Pre-commit abstract syntax tree 225 and post-commit abstract syntax
tree 230 can be stored in a data structure, object, or file,
depending on the embodiment.
[0062] As shown in FIG. 1, source code analyzer 110 can also
include training control flow extractor 112. Training control flow
extractor 112 accepts source code data from training data collector
111 and generates control flow graphs ("CFGs") for the accepted
source code data. As illustrated in FIG. 2, the source code data
can include pre-commit abstract syntax tree 225 and post-commit
abstract syntax tree 230, which correspond to pre-commit source
code 210 and post-commit source code 215. According to some
embodiments, before training control flow extractor 112 creates the
CFGs, it refactors and renames variables in pre-commit abstract
syntax tree 225 and post-commit abstract syntax tree 230 to
normalize it. Normalizing allows training control flow extractor
112 to recognize similar code that primarily differs only with
respect to the arbitrary variable names given to it by developers.

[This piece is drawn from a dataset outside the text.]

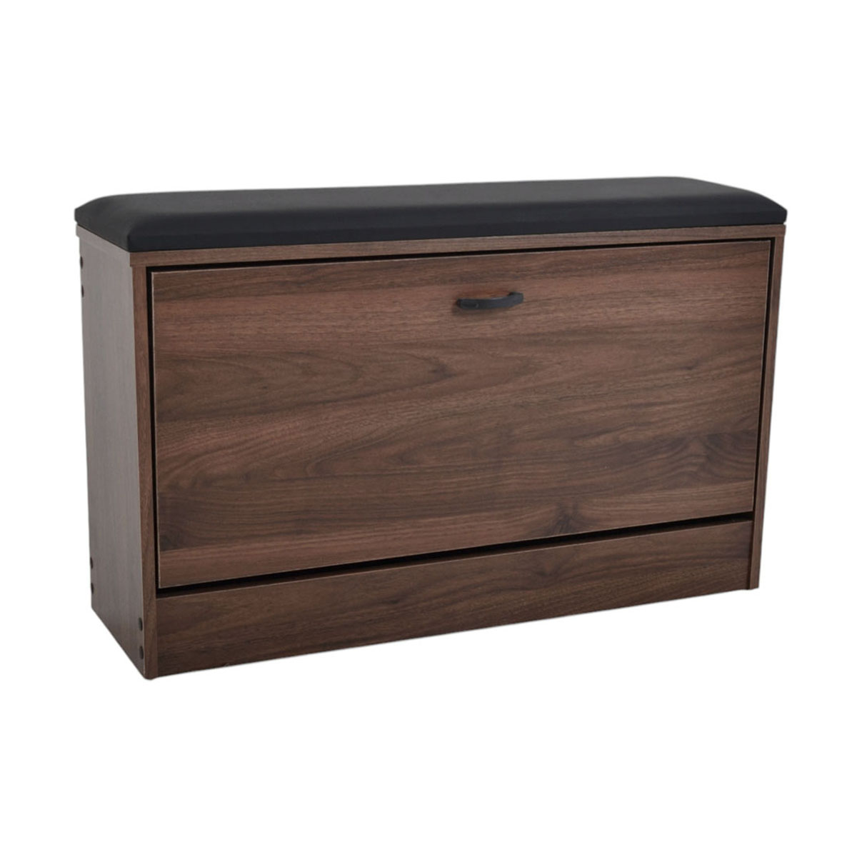 Παπουτσοθήκη ξύλινη με ένα διπλό ράφι ιδανική για να τακτοποιήσετε και να προστατέψετε τα παπούτσια σας. Διαθέτει ενσωματωμένο μαύρο μαξιλάρι και μπορεί να χρησιμοποιηθεί και ως σκαμπό. Αποτελεί πρακτική λύση για έπιπλο εισόδου.

In some embodiments, training control flow extractor 112 uses
shared identifier renaming dictionary 235 for refactoring the code.
Identifier renaming dictionary 235 is a data structure mapping
variables in pre-commit abstract syntax tree 225 and post-commit
abstract syntax tree 230 to normalized variable names used across
source code data sets.
[0063] In some embodiments, training control flow extractor 112
creates CFGs for the pre-commit and post-commit source code once
the ASTs have been refactored yielding a pre-commit CFG and a
post-commit CFG. Training control flow extractor 112 can then
traverse the pre-commit CFG and the post-commit CFG using a
depth-first search to compare their flows. When training control
flow extractor 112 identifies differences between the pre-commit
CFG and the post-commit CFG, it flags the different flow as a
potential defect and stores it in a data structure or test file
representing "bad" control flows. Similarly, when training control
flow extractor 112 identifies similarities between the pre-commit
CFG and the post-commit CFG, it flags the flow as potentially
defect-free and stores it in a data structure or text file
representing "good" control flows. Training control flow extractor
112 continues traversing both the pre-commit and the post-commit
CFGs, while appending good and bad flows to the appropriate file or
data structure, until it reaches the end of the pre-commit and the
post-commit CFGs.
[0064] According to some embodiments, after training control flow
extractor 112 completes traversal of the pre-commit CFG and the
post-commit CFG, it will have created a list of bad control flows
and good control flows, each of which are stored separately in a
data structure or file. Then, as shown in FIG. 2, training control
flow extractor 112 creates combined control flow graph file 240
that will later be used for training the deep learning defect
detection model. To create combined control flow graph file 240,
training control flow extractor 112 randomly selects bad flows and
good flows from their corresponding file. In some embodiments,
training control flow extractor 112 selects an uneven ratio of bad
flows and good flows. For example, training control flow extractor
112 may select one bad flow for every nine good flows, to create a
selection ratio of 10% bad flows for combined control flow graph
file 240. While the ratio of bad flows may vary across embodiments,
one preferable ratio is 25% bad flows in combined control flow
graph file 240.
[0065] As also illustrated in FIG. 2, training control flow
extractor 112 creates label file 245. Label file 245 stores an
indicator describing whether the flows in combined control flow
graph file 240 are defect-free (e.g., a good flow) or contain a
potential defect (e.g., a bad flow). Label file 245 and combined
control flow graph file 240 may correspond on a line number basis.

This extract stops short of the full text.